INFORMATION SHOWN:

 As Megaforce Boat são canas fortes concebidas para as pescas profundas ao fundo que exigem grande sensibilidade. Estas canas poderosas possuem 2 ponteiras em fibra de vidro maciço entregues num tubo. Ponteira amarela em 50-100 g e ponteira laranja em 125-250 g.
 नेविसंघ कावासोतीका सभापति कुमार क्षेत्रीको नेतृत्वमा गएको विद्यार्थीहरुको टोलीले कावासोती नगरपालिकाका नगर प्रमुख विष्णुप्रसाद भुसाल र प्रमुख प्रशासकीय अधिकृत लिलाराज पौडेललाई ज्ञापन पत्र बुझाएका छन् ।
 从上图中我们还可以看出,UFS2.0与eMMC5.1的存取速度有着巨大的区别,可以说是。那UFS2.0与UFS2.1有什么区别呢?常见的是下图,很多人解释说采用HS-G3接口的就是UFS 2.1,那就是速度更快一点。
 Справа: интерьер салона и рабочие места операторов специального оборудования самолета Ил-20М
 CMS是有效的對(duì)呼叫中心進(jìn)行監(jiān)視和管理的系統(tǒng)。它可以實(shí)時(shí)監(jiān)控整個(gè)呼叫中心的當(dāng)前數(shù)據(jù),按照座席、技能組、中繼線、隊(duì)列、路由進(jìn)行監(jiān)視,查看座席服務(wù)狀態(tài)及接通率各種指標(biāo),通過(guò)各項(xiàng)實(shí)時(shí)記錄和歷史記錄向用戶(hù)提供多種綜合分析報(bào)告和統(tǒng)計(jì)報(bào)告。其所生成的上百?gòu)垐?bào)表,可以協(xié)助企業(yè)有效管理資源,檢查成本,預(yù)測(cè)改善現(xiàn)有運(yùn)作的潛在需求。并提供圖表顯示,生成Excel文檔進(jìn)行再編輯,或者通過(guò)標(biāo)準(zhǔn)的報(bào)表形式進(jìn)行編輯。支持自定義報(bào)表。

* * *

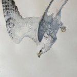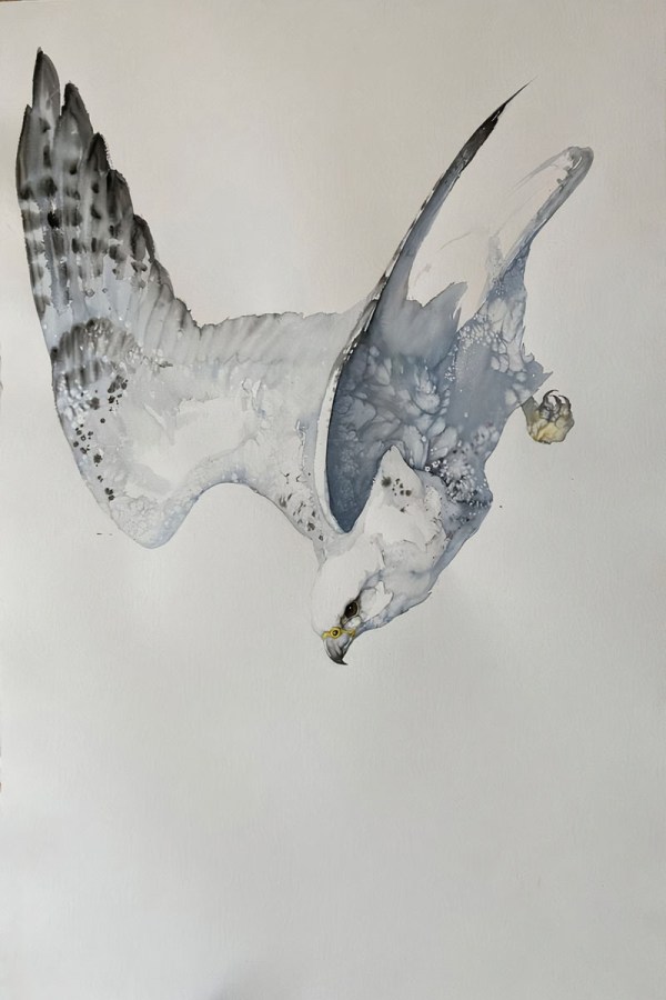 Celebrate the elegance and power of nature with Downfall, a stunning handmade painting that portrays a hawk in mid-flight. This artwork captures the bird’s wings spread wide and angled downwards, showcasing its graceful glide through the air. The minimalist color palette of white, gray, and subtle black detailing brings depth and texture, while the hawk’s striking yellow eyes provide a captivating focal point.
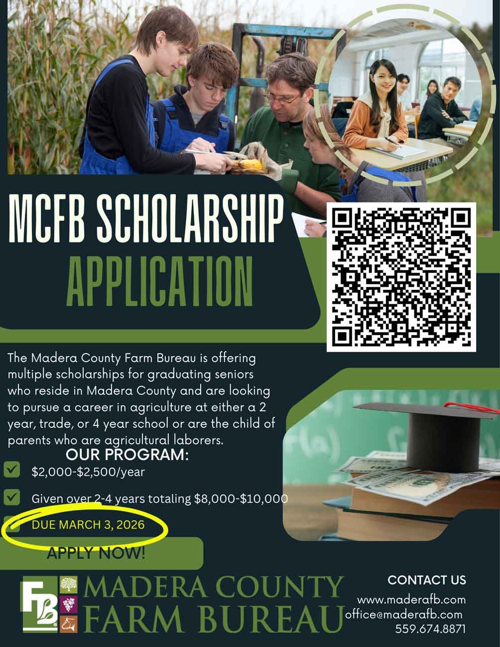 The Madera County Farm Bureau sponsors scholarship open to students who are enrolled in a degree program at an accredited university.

THE TASK: Reproduce exactly the entries above, limited to the lines from the one with "As Megaforce Boat" through the one with "CMS是有效的對(duì)呼", both included.

FINISHED EXERCISE:
 As Megaforce Boat são canas fortes concebidas para as pescas profundas ao fundo que exigem grande sensibilidade. Estas canas poderosas possuem 2 ponteiras em fibra de vidro maciço entregues num tubo. Ponteira amarela em 50-100 g e ponteira laranja em 125-250 g.
 नेविसंघ कावासोतीका सभापति कुमार क्षेत्रीको नेतृत्वमा गएको विद्यार्थीहरुको टोलीले कावासोती नगरपालिकाका नगर प्रमुख विष्णुप्रसाद भुसाल र प्रमुख प्रशासकीय अधिकृत लिलाराज पौडेललाई ज्ञापन पत्र बुझाएका छन् ।
 从上图中我们还可以看出,UFS2.0与eMMC5.1的存取速度有着巨大的区别,可以说是。那UFS2.0与UFS2.1有什么区别呢?常见的是下图,很多人解释说采用HS-G3接口的就是UFS 2.1,那就是速度更快一点。
 Справа: интерьер салона и рабочие места операторов специального оборудования самолета Ил-20М
 CMS是有效的對(duì)呼叫中心進(jìn)行監(jiān)視和管理的系統(tǒng)。它可以實(shí)時(shí)監(jiān)控整個(gè)呼叫中心的當(dāng)前數(shù)據(jù),按照座席、技能組、中繼線、隊(duì)列、路由進(jìn)行監(jiān)視,查看座席服務(wù)狀態(tài)及接通率各種指標(biāo),通過(guò)各項(xiàng)實(shí)時(shí)記錄和歷史記錄向用戶(hù)提供多種綜合分析報(bào)告和統(tǒng)計(jì)報(bào)告。其所生成的上百?gòu)垐?bào)表,可以協(xié)助企業(yè)有效管理資源,檢查成本,預(yù)測(cè)改善現(xiàn)有運(yùn)作的潛在需求。并提供圖表顯示,生成Excel文檔進(jìn)行再編輯,或者通過(guò)標(biāo)準(zhǔn)的報(bào)表形式進(jìn)行編輯。支持自定義報(bào)表。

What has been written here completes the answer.